◆ **Problem requirements**:
Somewhere below, one line contains "跨境款显脸小针织字母标男毛线帽韩版帽子秋冬加绒加厚护耳套头帽" and a later line contains "各管道深度解析:找到你的命定黄金投资法". Output those two lines and everything between them exactly, and nothing else.

◆ **Information provided**:
◆ ◆ ◆ ◆ ◆ ◆ ◆

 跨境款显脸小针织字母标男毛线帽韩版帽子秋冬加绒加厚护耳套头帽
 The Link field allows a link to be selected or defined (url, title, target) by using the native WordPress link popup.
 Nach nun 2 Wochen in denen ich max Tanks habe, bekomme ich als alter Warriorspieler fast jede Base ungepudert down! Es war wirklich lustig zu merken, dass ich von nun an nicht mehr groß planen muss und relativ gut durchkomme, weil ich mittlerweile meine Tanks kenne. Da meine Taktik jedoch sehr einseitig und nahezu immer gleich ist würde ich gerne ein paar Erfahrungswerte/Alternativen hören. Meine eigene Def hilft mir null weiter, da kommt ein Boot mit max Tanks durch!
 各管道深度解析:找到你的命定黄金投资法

◆ ◆ ◆ ◆ ◆ ◆ ◆

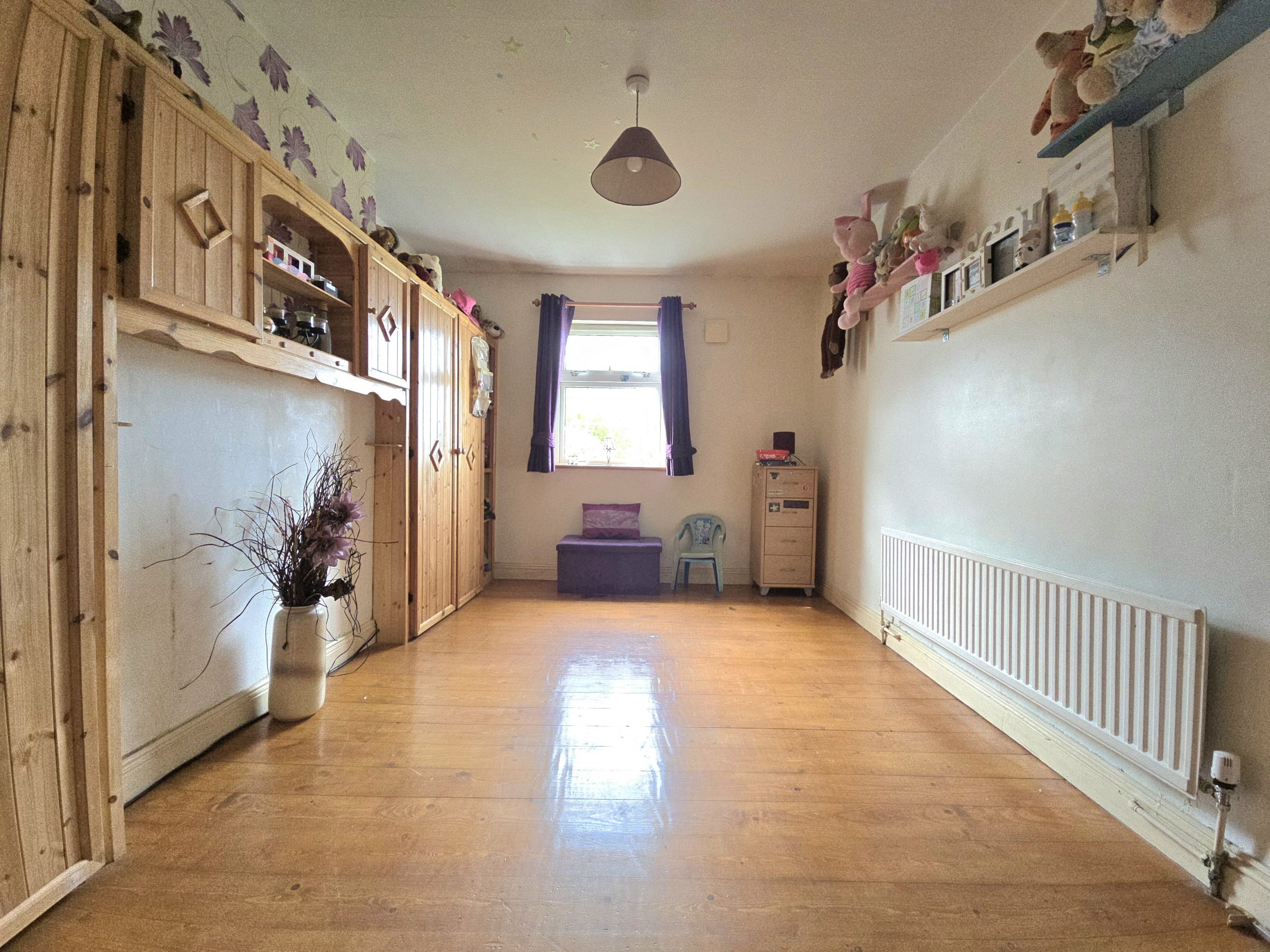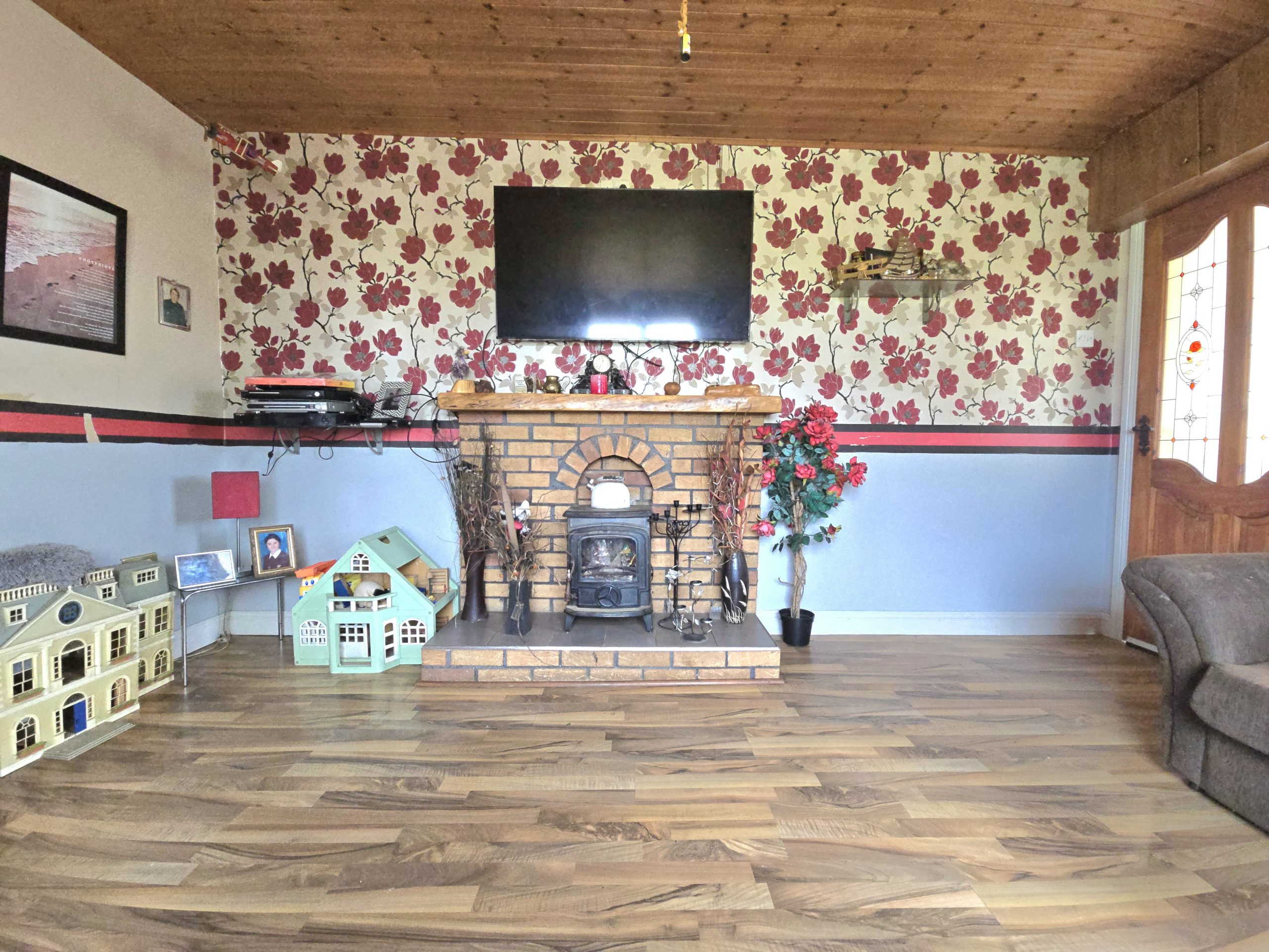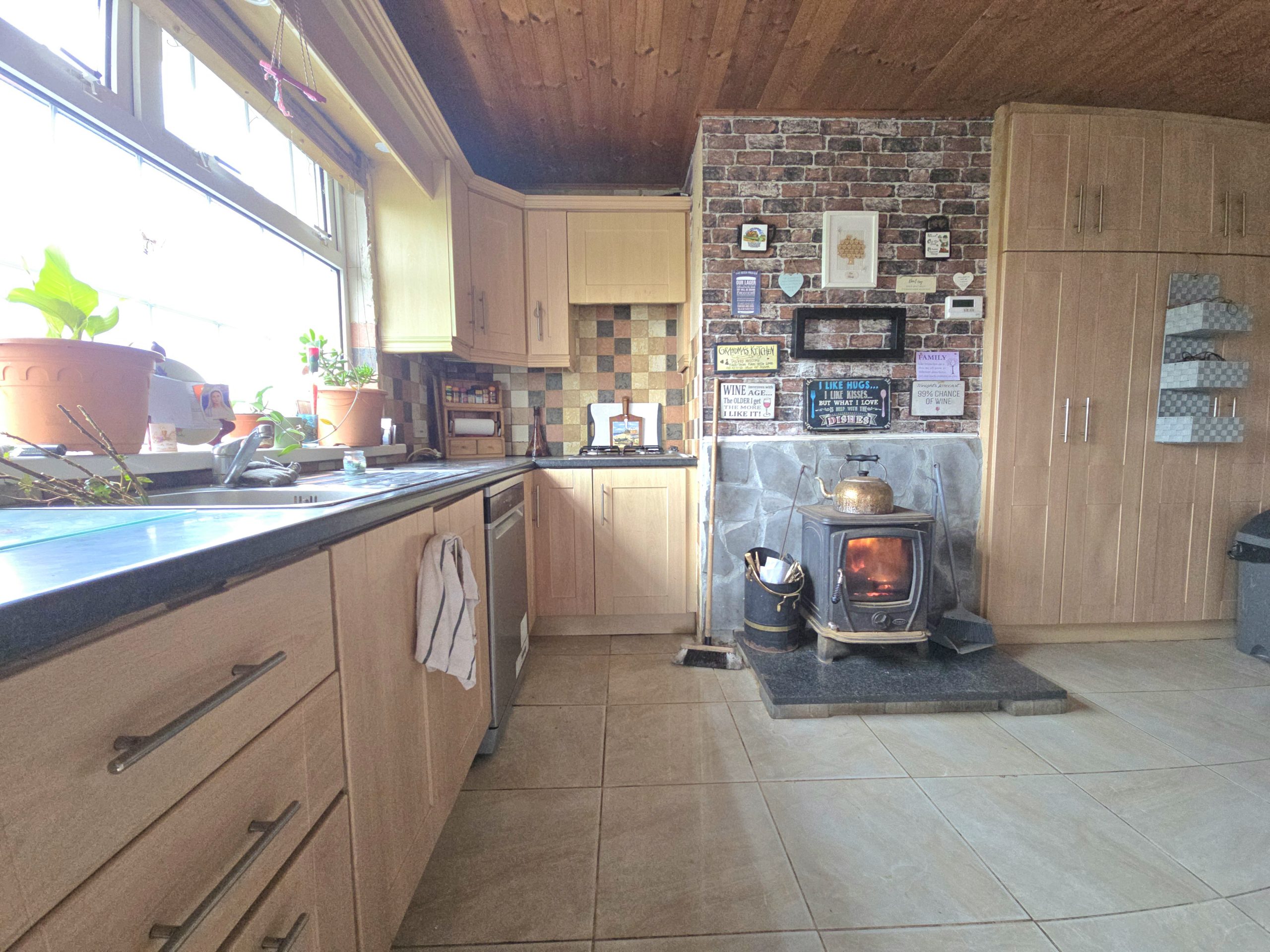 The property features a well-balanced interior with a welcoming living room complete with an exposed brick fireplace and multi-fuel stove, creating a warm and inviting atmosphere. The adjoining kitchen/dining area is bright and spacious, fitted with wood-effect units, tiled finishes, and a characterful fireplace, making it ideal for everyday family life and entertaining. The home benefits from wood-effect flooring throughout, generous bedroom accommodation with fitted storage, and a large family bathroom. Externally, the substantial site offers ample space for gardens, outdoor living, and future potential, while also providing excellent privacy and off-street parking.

◆ ◆ ◆ ◆ ◆ ◆ ◆

◆ **Solved problem**:
 跨境款显脸小针织字母标男毛线帽韩版帽子秋冬加绒加厚护耳套头帽
 The Link field allows a link to be selected or defined (url, title, target) by using the native WordPress link popup.
 Nach nun 2 Wochen in denen ich max Tanks habe, bekomme ich als alter Warriorspieler fast jede Base ungepudert down! Es war wirklich lustig zu merken, dass ich von nun an nicht mehr groß planen muss und relativ gut durchkomme, weil ich mittlerweile meine Tanks kenne. Da meine Taktik jedoch sehr einseitig und nahezu immer gleich ist würde ich gerne ein paar Erfahrungswerte/Alternativen hören. Meine eigene Def hilft mir null weiter, da kommt ein Boot mit max Tanks durch!
 各管道深度解析:找到你的命定黄金投资法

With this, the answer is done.